- Directed by: Jenn Wexler
- Screenplay by: Jenn Wexler & Matt Angel
- Story by: Matt Angel; Suzanne Coote;
- Based on: Characters by Nick Morris; Lane Skye; Ruckus Skye;
- Produced by: Jordan Yale Levine; Jordan Beckerman; Russ Posternak; Chadd Harbold; Larry Greenberg; Paul Kennedy; Aideen Hand;
- Starring: Lulu Wilson; Neil Patrick Harris; Brandon Flynn; James Urbaniak; Kate Siegel;
- Cinematography: Julia Swain
- Edited by: Janna Emig
- Music by: Nima Fakhrara
- Production companies: Post Film; BoulderLight Pictures;
- Distributed by: Quiver Distribution
- Release date: July 25, 2026 (Fantasia Fest);
- Running time: 89 minutes
- Country: United States
- Language: English

= The Last Temptation of Becky =

The Last Temptation of Becky is a 2026 American action thriller film directed by Jenn Wexler. The movie is the third installment in the Becky film series, and serves as a sequel to The Wrath of Becky (2023). The film stars Lulu Wilson returning as the eponymous antihero, alongside Neil Patrick Harris, Brandon Flynn, James Urbaniak, and Kate Siegel.

==Cast==
- Lulu Wilson as Becky Hooper
- Neil Patrick Harris
- Brandon Flynn
- James Urbaniak
- Kate Siegel as Agent Montana

==Production==
In March 2023, Matt Angel stated that there were ongoing discussions for a third Becky film. By May of the same year, Wilson confirmed development for a sequel, while expressing hope that Kate Siegel would reprise her role from the second installment. Confirming that the end of The Wrath of Becky was intended to set up events for a sequel, the actress further stated that she, the co-directors, and the producers were discussing the story of the next film, while reporting that Siegel had expressed interest in the project.

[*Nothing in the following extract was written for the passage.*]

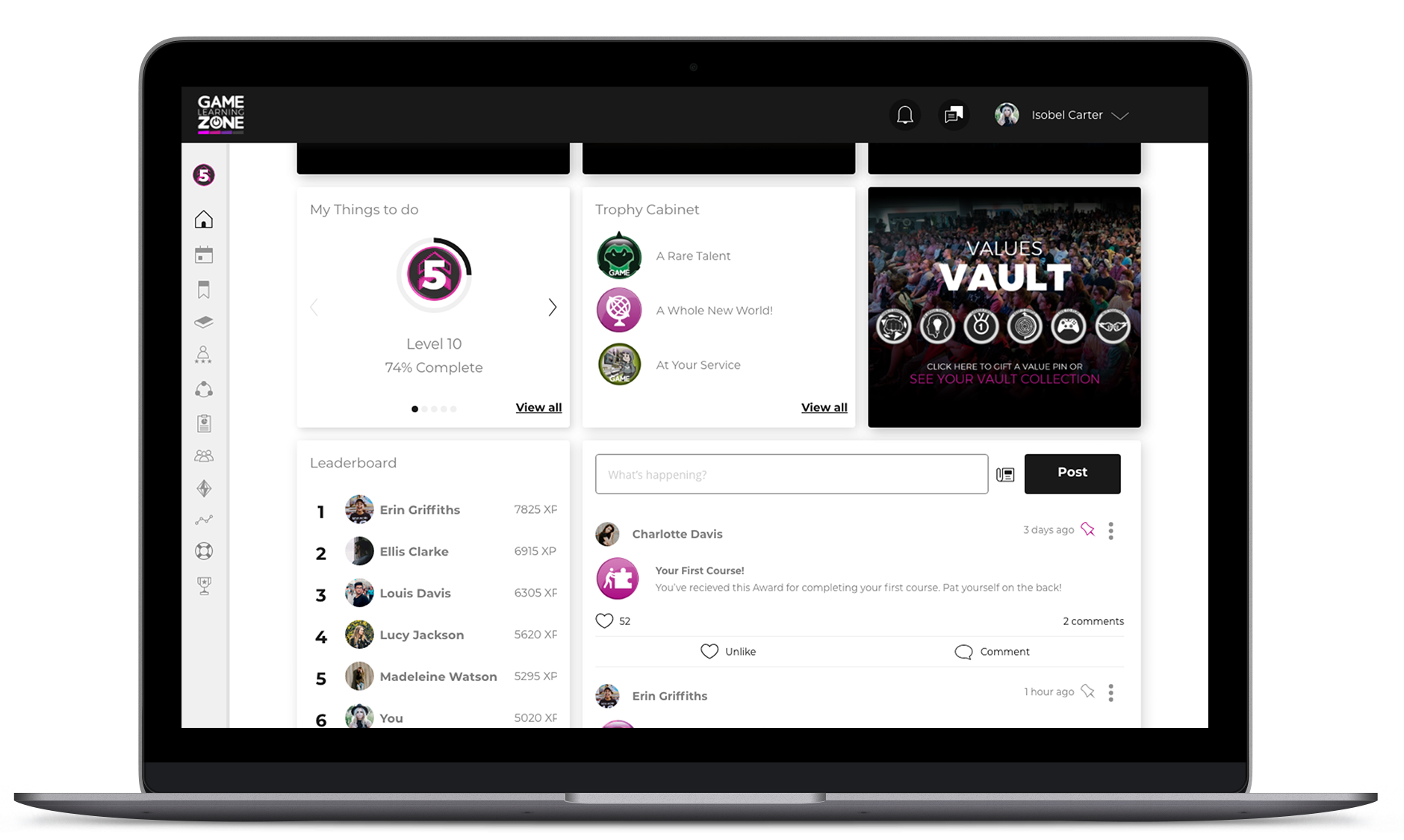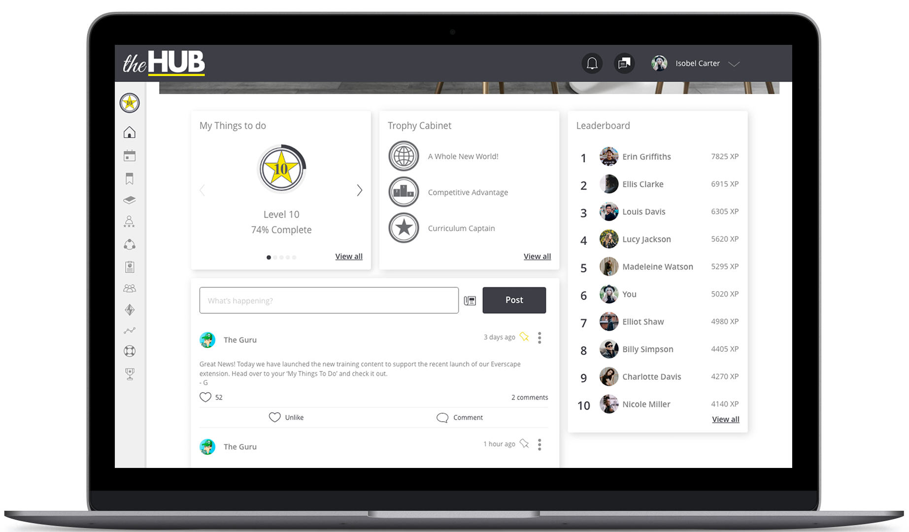 The platform also utilised a bounty of social features to help cultivate a genuine learning community. Learners across the platform even interacted with an admin-controlled character called ‘The Guru’. This character provided learners with useful information, tips and best practice advice.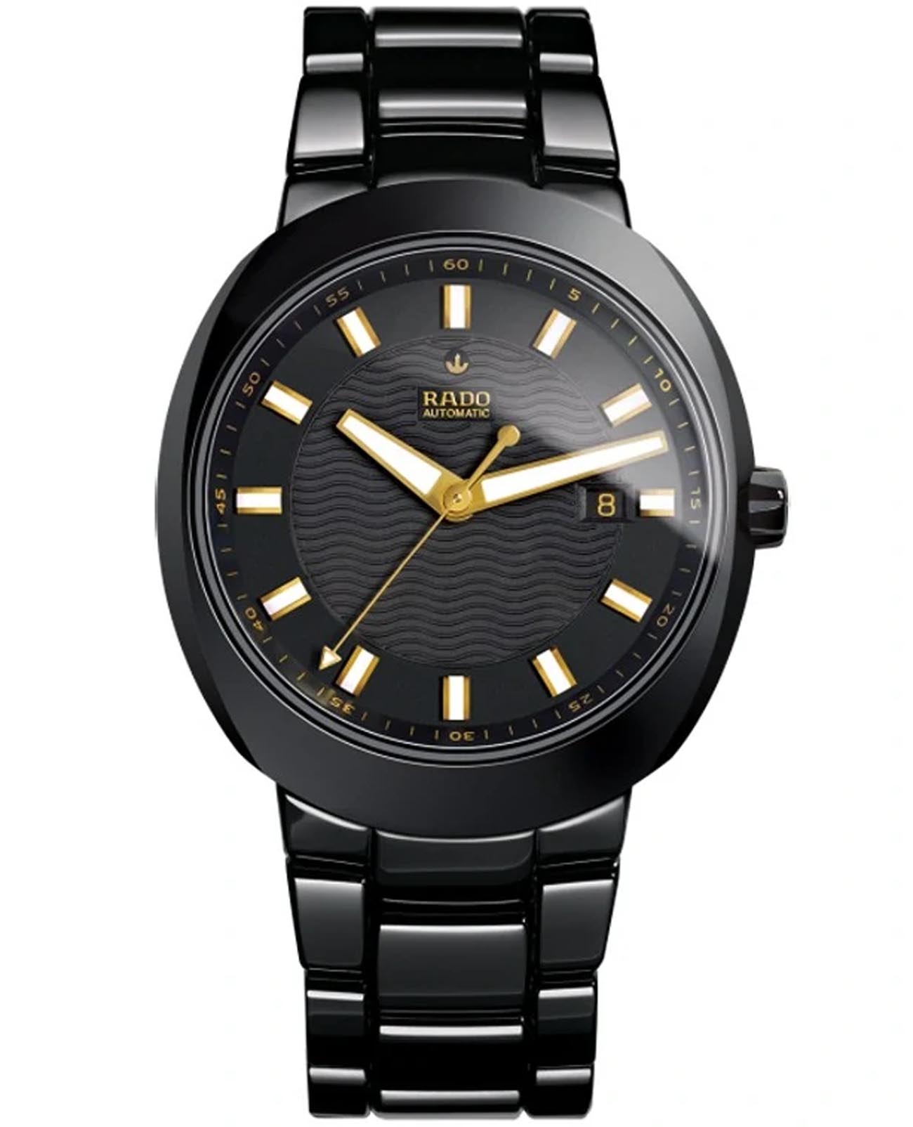 Мужские механические швейцарские часы с автоподзаводом Rado D-Star R15609162. Сапфировое стеклоСапфировое стеклоПрочный и надёжный материал из кристалла сапфира синтетического происхождения, характеризующийся особой твёрдостью и устойчивостью к царапинам и повреждениям. устойчивое к мелким механическим повреждениям. Корпус часов изготовлен из высокотехнологичной керамикиВысокотехнологичная керамикаИнновационный запатентованный Rado материал с гладкой или матовой поверхностью. Керамика за счёт кристаллической структуры обладает повышенной устойчивостью от возникновения царапин. Материал способен принимать температуру тела человека, обеспечивая невероятный комфорт при ношении.. Окошко даты находится в положении 3 часа. Стрелки с люминесцентным покрытиемЛюминесцентное покрытиеПозволяет считывать показания времени в темноте. Производители наносят на стрелки, часовые индексы, безель или поверхность циферблата светонакопительный состав, дающий холодное свечение.. Класс водозащиты: 100 метров, позволит плавать, нырять и заниматься другими водными видами спорта. Браслет из высокотехнологичной керамикиВысокотехнологичная керамикаИнновационный запатентованный Rado материал с гладкой или матовой поверхностью. Керамика за счёт кристаллической структуры обладает повышенной устойчивостью от возникновения царапин. Материал способен принимать температуру тела человека, обеспечивая невероятный комфорт при ношении. на раскладной застёжкеРаскладная застёжкаТакой тип застёжки используется только на браслетах из металла. Она никогда не раскрывается полностью, происходит разделение на 2 и более частей. Раскладывающая застёжка снизит вероятность потери часов к минимуму..

Principal photography had been completed by February 2026, in Northern Ireland, with Jenn Wexler directing. Neil Patrick Harris, Brandon Flynn, James Urbaniak, Noah Leggott and Kate Siegel rounded out the cast. Julia Swain served as the cinematographer, Janna Emig edited the film, and Nima Fakhrara composed the score.

==Release==
The Last Temptation of Becky premiered at Fantasia Festival in Montreal, Canada on July 25, 2026. In attendance were actors Lulu Wilson and Noah Leggott, along with director Jenn Wexler, producers Chadd Harbold and Russ Posternak and Editor Janna Emig.